===== Information shown =====
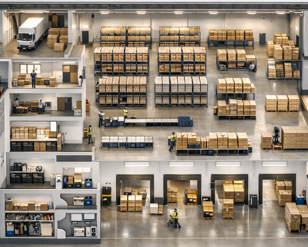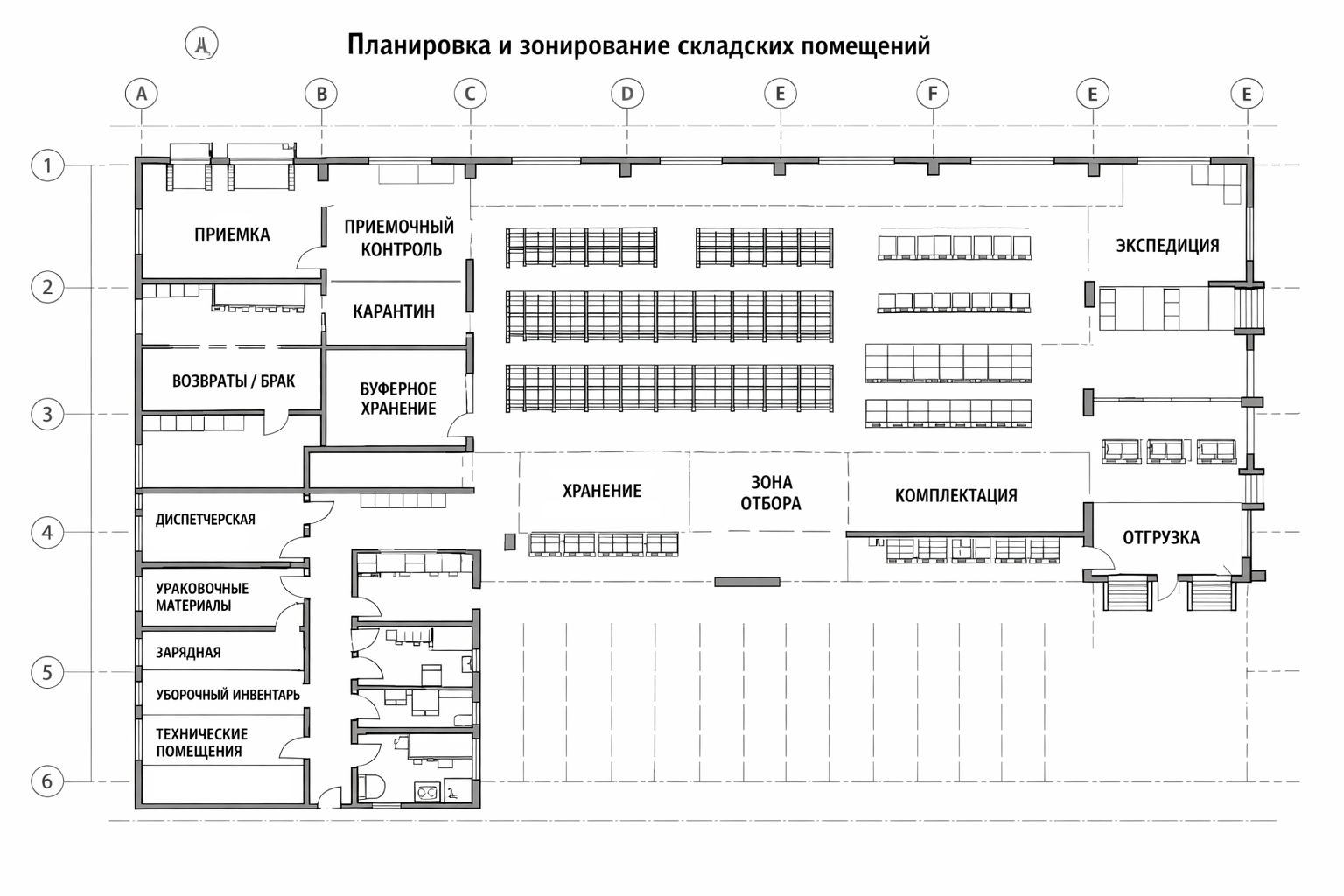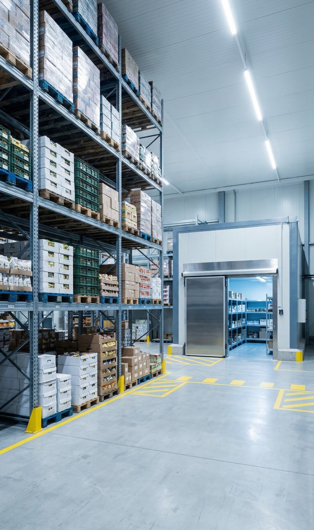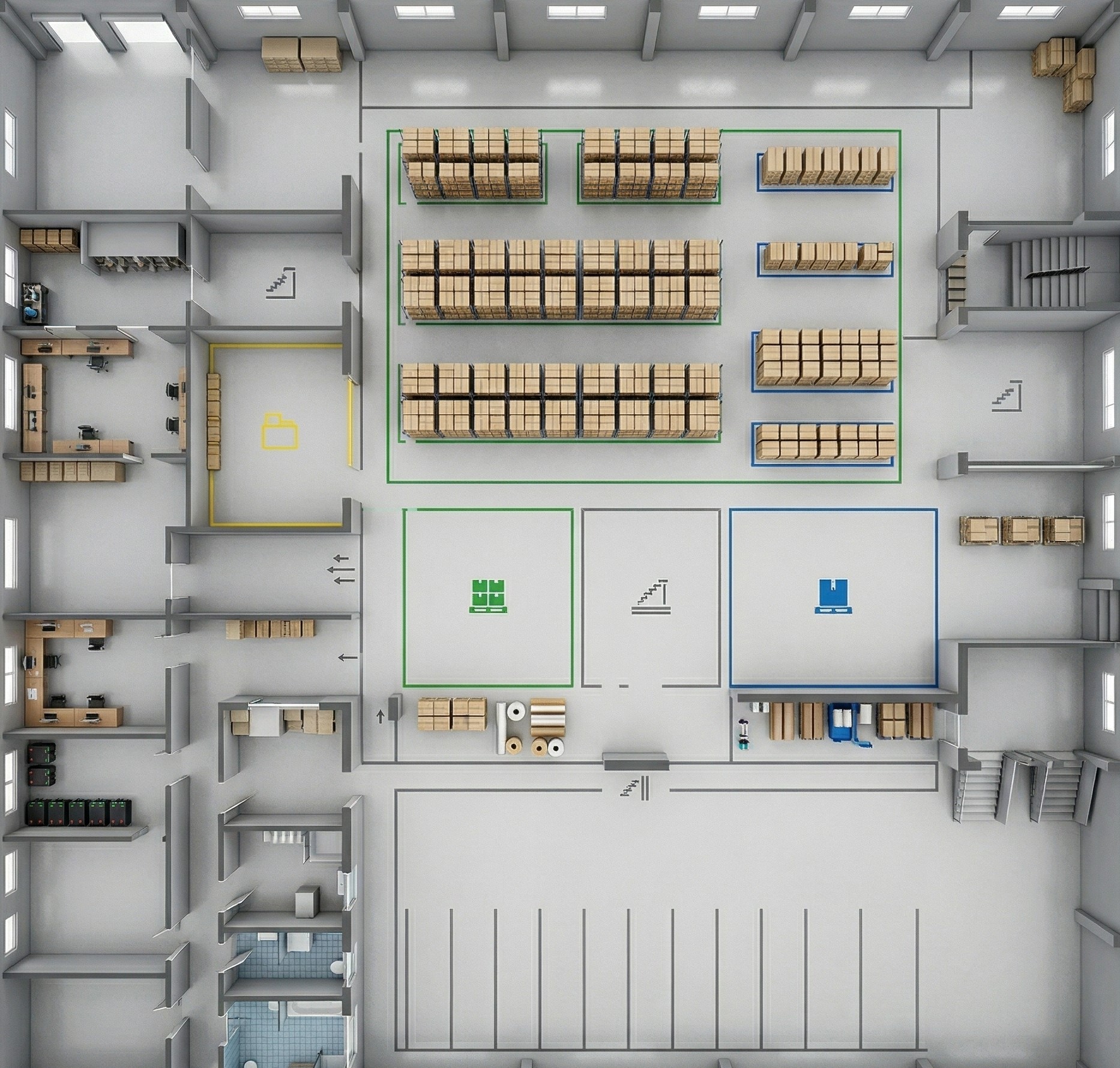 - Большие объёмы: рампы, зоны кросс-докинга, многоярусные паллетные стеллажи, мультитемпературные камеры
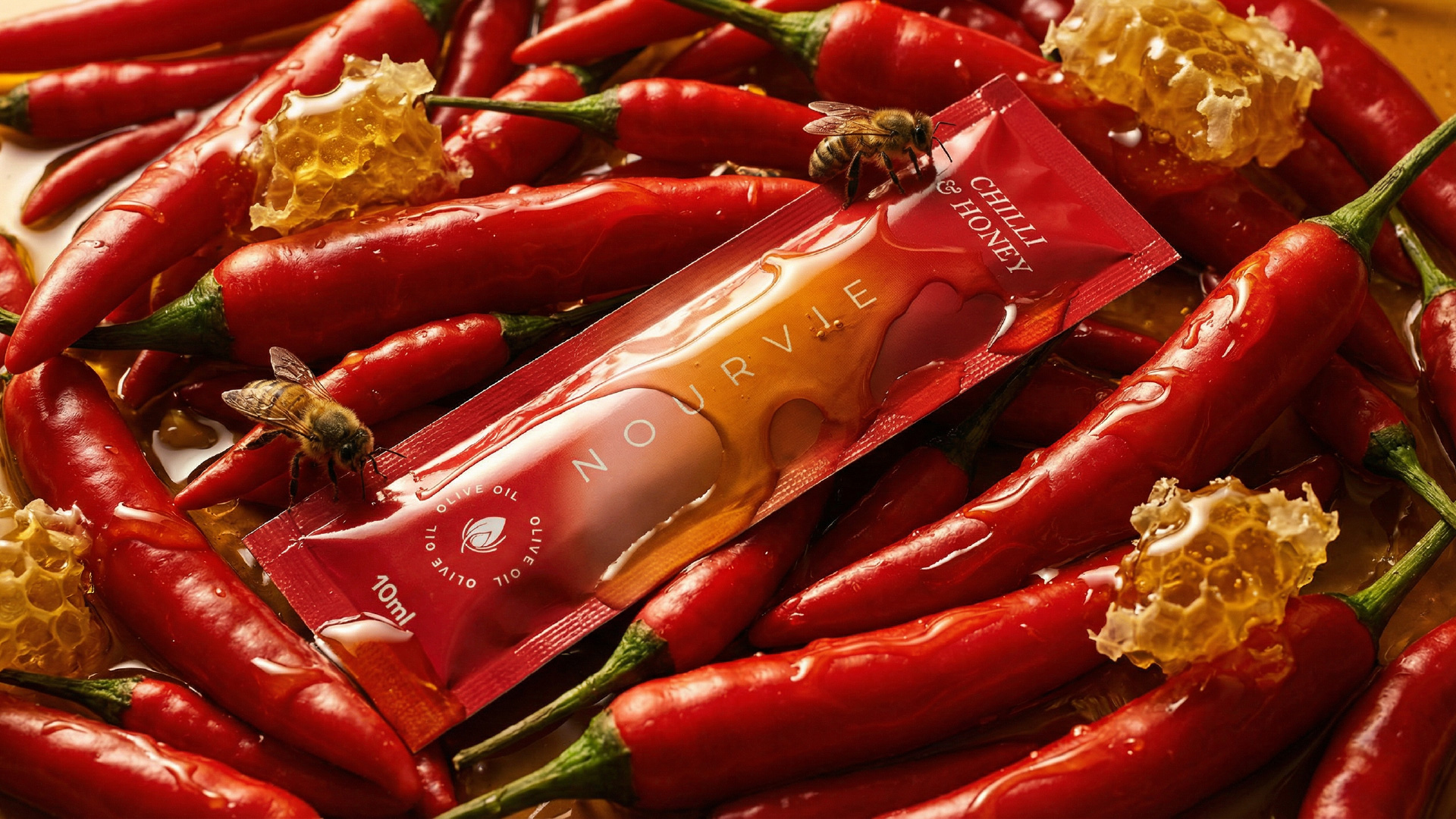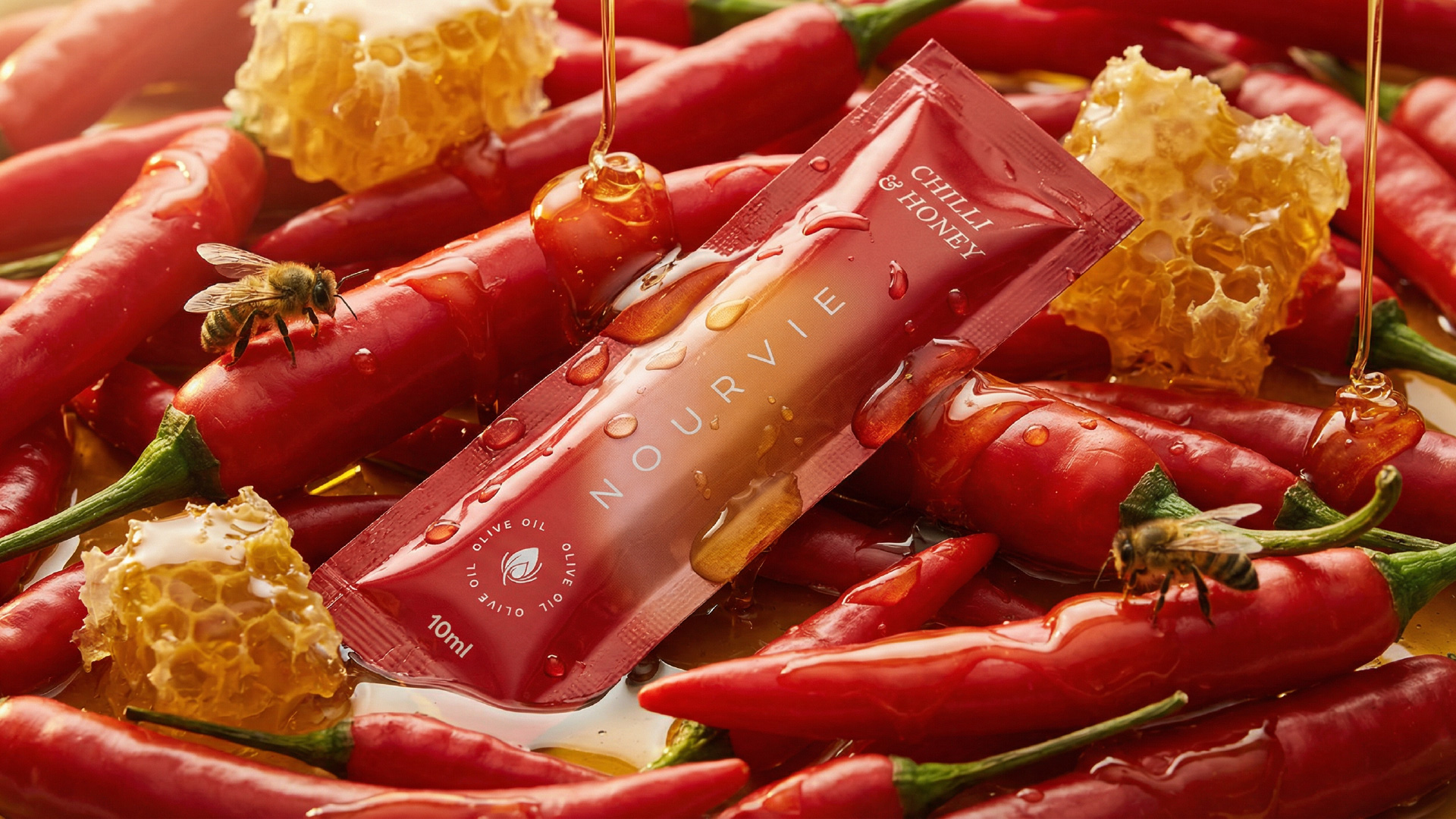 The creative photography amplifies the design’s sensory ambition. Each variant is staged within its own ingredient world — chillies and dripping honeycomb for the Chilli & Honey, a flat-lay of wild herbs for the Rosemary, olives gleaming in oil for the Classic — making the packaging feel inseparable from the ingredients it carries. Together, the design and art direction form a coherent visual language that positions Nourvie not merely as a condiment, but as an object of culinary intention.
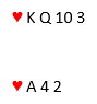 Her har motparten seks kort i hjerter. Hvis du ikke hadde hatt tieren hos nord ville kun fargen fordelt 3-3 vært muligheten for å oppnå fire stikk. Siden tieren er på plass er det mye større sjanse for fire stikk, men det kan også føre til et valg. Vanlig teknikk med en slik farge er å starte med en honnør fra nord, så spille liten til syds honnør. Hvis knekten hadde vært dobbel ville den kommet på andre gang, og nords to siste kort i fargen ville vært sikre stikk. Og hvis øst hadde hatt singel hjerter ville du oppdaget det, og du hadde hatt en markert finesse over vest. Men ofte vil begge følge med små kort to ganger, og du vet det er igjen to kort i fargen, knekten og en liten en. Du spiller så i fargens tredje runde liten mot Q-10, og la oss si vest følger med den gjenværende lille hjerteren. Da har du valget, finesse med tieren (riktig hvis vest hadde hatt knekten fjerde fra start), eller toppe og håpe knekten faller hos øst (riktig hvis fargen satt 3-3 fra start med knekten hos øst). Et sånt valg kan være rett og slett det – et valg – og det er ganske marginalt hva det skal satses på. Men ofte har du gjennom spillet fått en viss peiling på om vest eller øst har flest ledige plasser. Med slik informasjon kan enten finessen være opplagt største sjanse (hvis vest har flest ledige plasser), eller å toppe klart beste sjanse (hvis øst har flest ledige plasser). Men noen ganger har du gjennom spillets gang fått så god peiling på sitsen at du er sikker på hva du skal gjøre, du har full telling! Det avhenger av at du har fulgt med og talt opp fordelingen i de andre fargene.
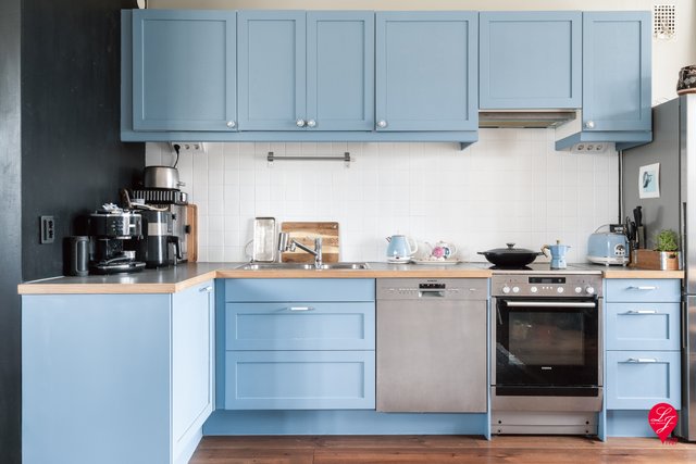 - Puiset siniharmaaksi maalatut keittiökaapit laminaattitasolla. Välitila laatoitettu. Siemensin kodinkoneet: jk/pk-torni, keraaminen liesi ja kiertoilmauuni, astianpesukone. Liesituuletin Ikea.
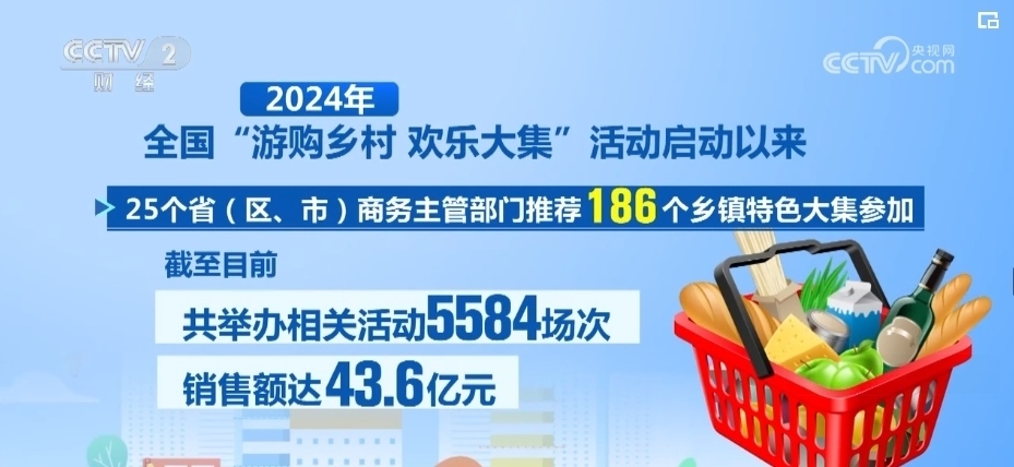 記者從商務(wù)部獲悉,2024年全國“游購鄉(xiāng)村 歡樂大集”活動(dòng)啟動(dòng)以來,25個(gè)省(區(qū)、市)商務(wù)主管部門推薦186個(gè)鄉(xiāng)鎮(zhèn)特色大集參加。截至目前,共舉辦相關(guān)活動(dòng)5584場次,銷售額達(dá)43.6億元。
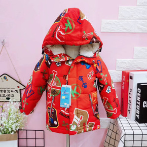 现货童装秋冬儿童长袖蓝色格子印花宝宝棉服卡通中小童...
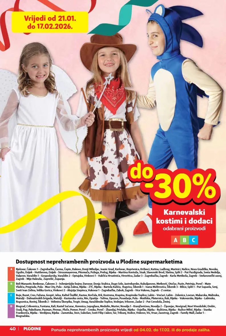 Beli Manastir, Benkovac, Čakovec 2 - Inženjerijske bojne, Daruvar, Donja Stubica, Dugo Selo, Jastrebarsko, Kukuljanovo, Metković, Otočac, Pazin, Petrinja, Poreč - Mate Vlašića, Pregrada, Pula - Max City, Pula - Jurija Žakna, Rijeka - ZTC, Rijeka - Bartola Kašića, Rugvica, Šibenik 1 - Ivana Meštrovića, Šibenik 3 - Bilice, Split 1 - Put Supavla, Senj, Sveti Ivan Zelina, Velika Gorica, Vinkovci 2 - Alojzija Stepinca, Vukovar 1 - Zagrebačka, Zabok, Zagreb - Vice Vukova, Zagreb - Z centar. B Buje, Buzet, Cres, Fažana, Gospić, Jelsa, Kaštel Štafilić, Kastav, Korčula, Krk, Kostrena, Krapina, Krapinske Toplice, Labin - Vrećari, Labin - Zelenice, Lovran, Makarska, Malinska, Matulji - Dalmatinskih brigada, Matulji - Kastavska cesta, Nin, Opatija - Tošina, Opuzen, Posedarje, Pula - Mutilska, Pleternica, Rab, Rijeka - Vukovarska, Rijeka - Labinska, Rogoznica, Rovinj, Šibenik 2 - Velimira Škorpika, Trogir, Umag, Varaždinske Toplice, Vodnjan, Vrbovec, Zadar 2 - Put Cerodola, Žminj. C Biograd, Crikvenica, Funtana, Kali, Kastel Sućurac, Korenica, Lepoglava, Medulin, Murter, Novalja 1 - Kranjčevićeva, Novalja 2 - Čiponjac, Novigrad, Novi Vinodolski, Orebic, Ozalj, Pag, Pakoštane, Pasman, Pirovac, Ploče, Pomer, Poreč - Creska, Poreč - Zbandaj, Privlaka, Rijeka - Osječka, Rijeka - Ružićeva, Rijeka - Ružice Mihić, Rijeka - Stanka Frankovića, Rijeka - Verdijeva, Rijeka - Zametska, Ston, Sukošan, Sveti Filip i Jakov, Tar, Tribunj, Vodice, Viskovo, Vis, Vrsar, Zaostrog, Zagreb - Family Mall, Zadar 1 - Biogradska. D A Bjelovar, Čakovec 1 - Zagrebačka, Čazma, Čepin, Đakovo, Donji Miholjac, Ivanic Grad, Karlovac, Koprivnica, Križevci, Kutina, Ludbreg, Marinici, Našice, Nova Gradiška, Novska, Ogulin, Osijek - Huttlerova, Osijek - Strossmayerova, Pitomača, Požega, Prelog, Rijeka - Martina Kontuša, Sisak, Slavonski Brod, Slatina, Split 2 - Put Pazdigrada, Sveta Nedelja, Valpovo, Varaždin 1 - Gospodarska, Varaždin 2 - Optujska, Vinkovci 1 - Vukčića Hrvatinića, Virovitica, Zadar 3 - Zagrebačka, Zagreb - Karla Metikoša, Zagreb - Stefanovečki zavoj, Zagreb - Mije Haleuša, Zaprešić, Županja. Dostupnost neprehrambenih proizvoda u Plodine supermarketima 40 Vrijedi od 21.01. do 17.02.2026. Karnevalski kostimi i dodaci odabrani proizvodi -30% -30% do do A B C
=====
# Exercise
In the entries above, find the line with "- Puiset siniharmaaksi" and the line with "现货童装秋冬儿童长袖蓝色格子印花宝宝棉服卡通中小童...". Return exactly those lines and all the ones between them, pictures excluded.

# Problem solution
 - Puiset siniharmaaksi maalatut keittiökaapit laminaattitasolla. Välitila laatoitettu. Siemensin kodinkoneet: jk/pk-torni, keraaminen liesi ja kiertoilmauuni, astianpesukone. Liesituuletin Ikea.
 記者從商務(wù)部獲悉,2024年全國“游購鄉(xiāng)村 歡樂大集”活動(dòng)啟動(dòng)以來,25個(gè)省(區(qū)、市)商務(wù)主管部門推薦186個(gè)鄉(xiāng)鎮(zhèn)特色大集參加。截至目前,共舉辦相關(guān)活動(dòng)5584場次,銷售額達(dá)43.6億元。
 现货童装秋冬儿童长袖蓝色格子印花宝宝棉服卡通中小童...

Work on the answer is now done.